OpenAI has conceded that prompt injection attacks are one of the most significant security risks against AI browsers. Even as the tech giant increases its defenses in the new ‘Atlas AI browser’ to prevent such dangers, it hinted at a long-term problem for AI agents deployed on the public web.
In prompt injection attacks, malicious instructions can be embedded inside web pages, emails, or even documents. When this content is read by an AI-powered tool, it may be tricked into performing malicious tasks.
OpenAI admitted that the ‘agent mode’ in Atlas, which enables the robot to surf through the web, read emails, and take over user activities, makes it more vulnerable to these security issues.
Since Atlas’ launch back in October, several researchers have proven that simple texts appearing in Google Docs can also affect browsers, allowing interactions with robot agents.
Similar weaknesses have reportedly been discovered in other AI-assisted browsing softwares available in the market, including those by Perplexity.
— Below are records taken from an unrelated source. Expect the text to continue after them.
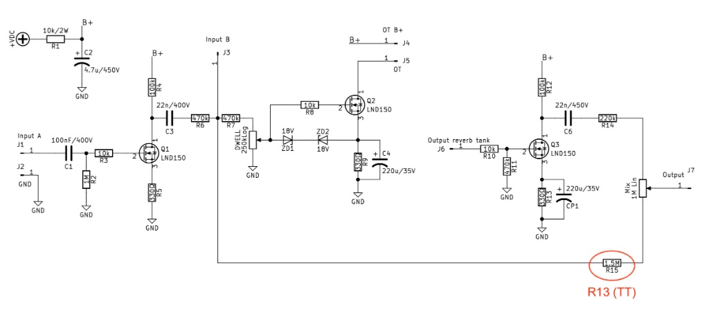 Tu as donc le signal direct atténué par le pont diviseur R7 (je pense que c'est la R52 de TT) et le DWELL, et ensuite encore atténué (dans une certaine mesure) par R15 (R13 chez TT) + le pot de mix + l'impédance de sortie du LND150 Q3, et le signal réverbéré issu du reverb tank qui est amplifié par Q3 et qui est mélangé au signal direct via le pot de mix.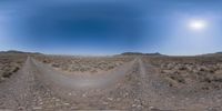 a fish eye view looking back at the desert landscape with dirt paths in front of it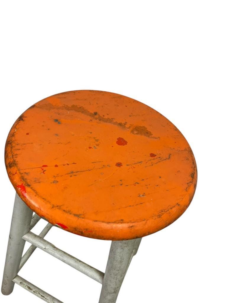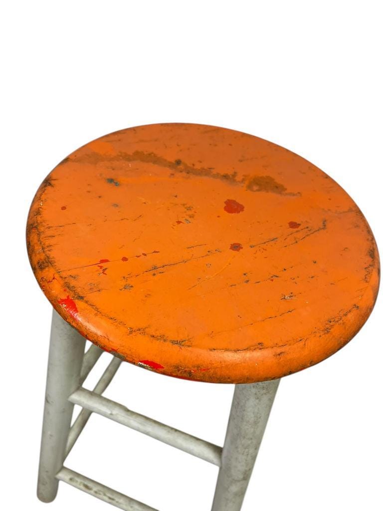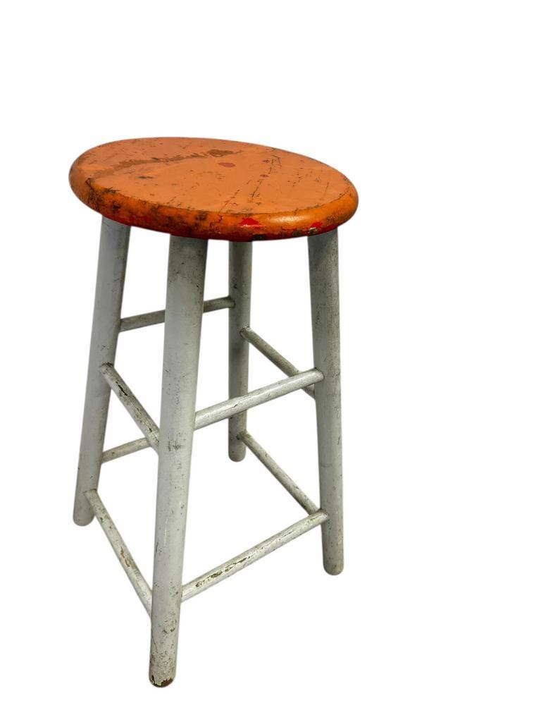 Vintage houten oranje kruk / barkruk / tabouret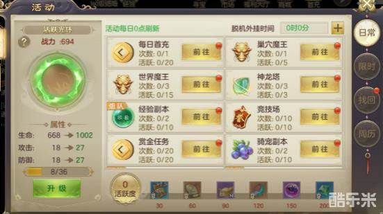 2.日常玩法,当你无任务可做的时候,可以选择去日常,那里有很多副本,比如神龙塔、骑宠副本,打完后可获得强化材料,可以提升大量的战力。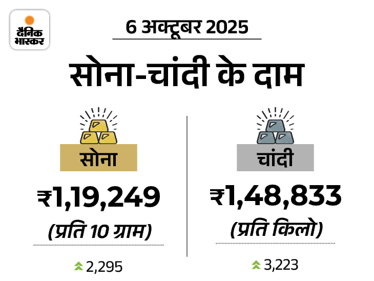 सोने-चांदी के दाम आज यानी 6 अक्टूबर को एक बार फिर ऑलटाइम हाई पर पहुंच गए। इंडिया बुलियन एंड ज्वेलर्स एसोसिएशन (IBJA) के अनुसार 10 ग्राम 24 कैरेट सोना 2,295 रुपए बढ़कर 1,19,249 रुपए पर पहुंच गया। इससे पहले ये 1,16,954 रुपए पर था।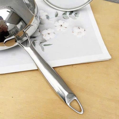 👉 Tay cầm bằng thép đúc chắc chắn, không có đinh tán trong nồi, dễ lau chùi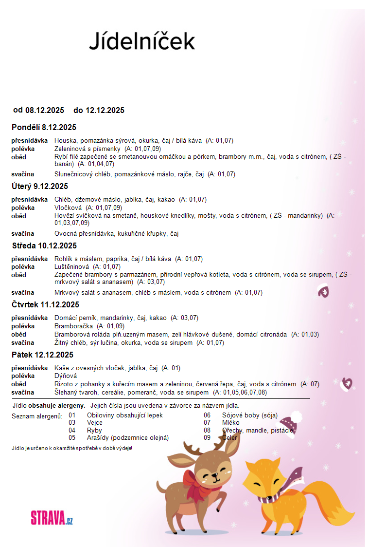 Jídelníček 8.12.2.12. 2025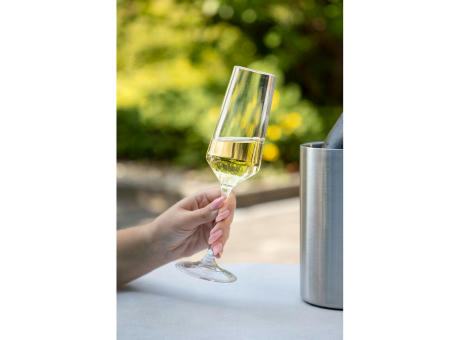 Das Sektglas "Vista" besticht durch sein stilvolles Design und das bruchsichere PMMA-Material. Es ist ideal für feierliche Anlässe und verleiht jedem Event einen eleganten Touch. Ob drinnen oder draußen – dieses Glas bietet die perfekte Kombination aus Ästhetik und Funktionalität, ohne auf Langlebigkeit zu verzichten. Spülmaschinengeeignet bis 50°C. Füllvolumen: ca. 240 ml

This is not a new concern; UK’s National Cyber Security Centre has already indicated the head start attacks on the generative AI system might never get fully eliminated.
The cybersecurity body recommended focusing on minimizing risks to reduce impacts under such attacks.
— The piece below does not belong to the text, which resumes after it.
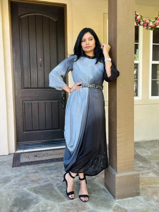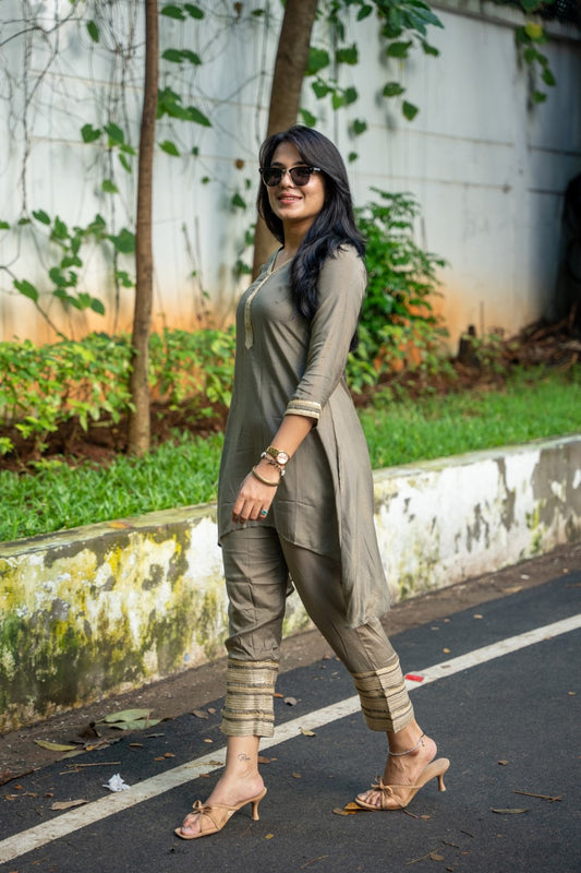 METALLIC TAUPE SHIMMER SUIT WITH POTLI BAG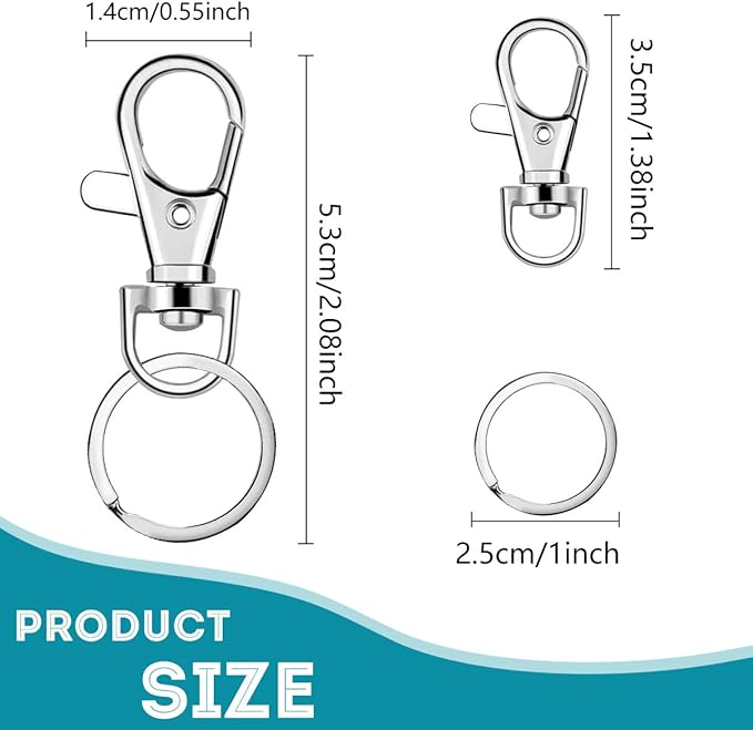 - 【Appropriate Dimension & Quantity】A package includes 50pcs swivel trigger clips and 50pcs flat key rings. The snap hook length: 3.5cm/1.38inches, width: 1.4cm/0.55inch, the key ring outer diameter is 2.5cm/1 inch. They own suitable size to match your DIY projects, art projects, keychain projects. There won’t be a situation where the keychain clip hook is too small, on the contrary, the collection with the ring is more coordinate.

OpenAI appears to have adopted a similar approach; instead of addressing security issues through a patch job, the firm is claiming to work towards aggressive response cycles for security testing.
Also Read: OpenAI’s ChatGPT Atlas Browser Hit by Major Jailbreak Flaw
An important element of OpenAI’s approach has been the ‘automated attacker’ development within its own group. This system, designed and implemented using reinforcement learning, can simulate the role of a hacker. The computer repeatedly attacks Atlas until it learns how to modify its attack approaches.
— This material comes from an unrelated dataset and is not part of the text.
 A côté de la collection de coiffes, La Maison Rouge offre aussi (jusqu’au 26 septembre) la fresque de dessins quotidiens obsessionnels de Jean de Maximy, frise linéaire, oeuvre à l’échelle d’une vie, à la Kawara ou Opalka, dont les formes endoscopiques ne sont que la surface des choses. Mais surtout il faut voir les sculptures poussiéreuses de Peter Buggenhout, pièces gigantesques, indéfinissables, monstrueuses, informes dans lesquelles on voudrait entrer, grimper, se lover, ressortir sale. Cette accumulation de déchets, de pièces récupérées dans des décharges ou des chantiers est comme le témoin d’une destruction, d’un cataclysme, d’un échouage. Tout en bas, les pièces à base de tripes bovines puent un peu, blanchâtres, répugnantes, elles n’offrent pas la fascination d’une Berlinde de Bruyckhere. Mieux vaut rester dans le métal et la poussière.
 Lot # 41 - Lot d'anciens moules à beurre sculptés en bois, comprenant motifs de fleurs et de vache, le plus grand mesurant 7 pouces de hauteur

According to OpenAI, this method has revealed attack vectors that have been overlooked in traditional, human-conducted penetration tests. However, it appears that the company has not revealed whether these steps have resulted in a notable decrease in successful prompt injection attacks.
OpenAI emphasized its teams are collaborating with third-party companies to face this problem. While these setups were already in action before Atlas was released, the organization affirmed to keep fighting against prompt injection attacks.